Alla fine della giornata di ieri - tre interrogatori per Calciopoli 2 - si comprende come Palazzi abbia intenzione di riannodare tutti i fili dei nuovi rapporti tra Moggi e il calcio. Il procuratore ha chiesto di queste pericolose relazioni a Foschi, ma soprattutto ha cercato di approfondire quello che è successo in casa sua: in Federcalcio. E infatti con il secondo interrogato, il presidente della serie D William Punghellini, il procuratore è andato a scavare: sei ore di domande. Il responsabile dell´Interregionale si è presentato con due avvocati e ha ricostruito la storia dei rapporti in Figc ad ampio raggio: ha parlato di Abete e Tavecchio, di Macalli e Agnolin, di altri piccoli dirigenti federali. E ha parlato di Franco Carraro, l´uomo con cui è cresciuto e che al telefono ha accusato di pressioni sul processo sportivo. A Punghellini il procuratore ha letto le undici telefonate intercettate, cinque con l´ex presidente del Civitavecchia, Mario Auriemma, e sei fatte e ricevute da Moggi. Non è stato facile spiegare toni e contenuti, però.
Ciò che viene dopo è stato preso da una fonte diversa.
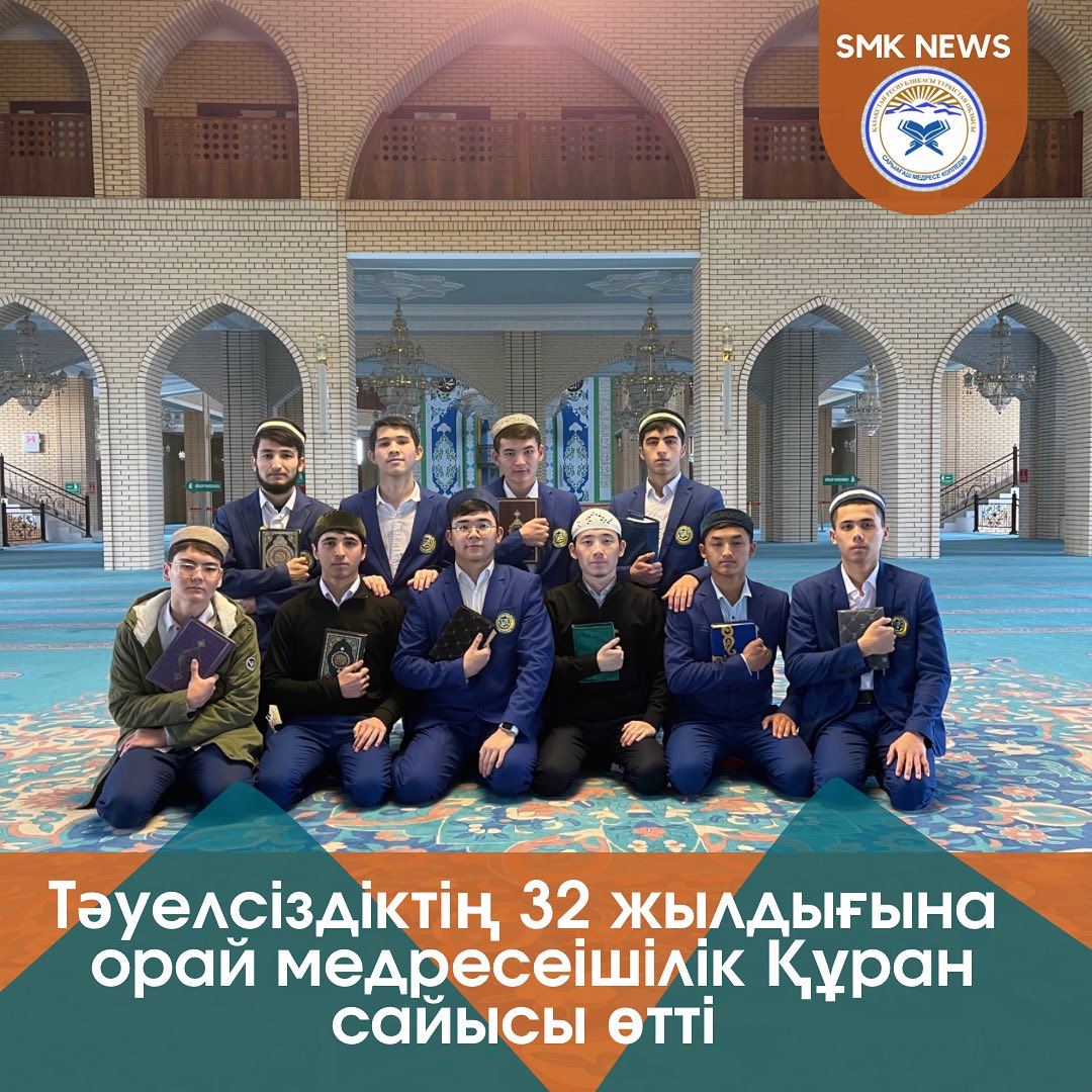 🔰Тәуелсіздігіміздің 32 жылдығына орай Сарыағаш медресе колледжінде медресеішілік Құран жарысы болып өтті. 🔰Аталмыш жарысқа шәкірттер белсене қатысып, нетижесінде әділ-қазылар төмендегі қатысушыларды жеңіске лайықты деп таныды. 1-пара✅1. Досмұхаммед Абдусамад 2-курс2.Усманов Темур

In una telefonata Punghellini dice ad Auriemma: «Negli arbitri abbiamo fatto appalti sulle assicurazioni da dieci miliardi, appalti truccati, e adesso è stato deferito il vice di Gussoni, quindi si devono dimettere tutti… ». Ma alla fine i suoi legali dichiarano: «Il presidente della serie D ha ribadito, con dovizia di particolari, che la sua azione è stata sempre rivolta a tutelare l´integrità e l´autonomia del Comitato interregionale dilettanti e l´osservanza rigorosa della legge».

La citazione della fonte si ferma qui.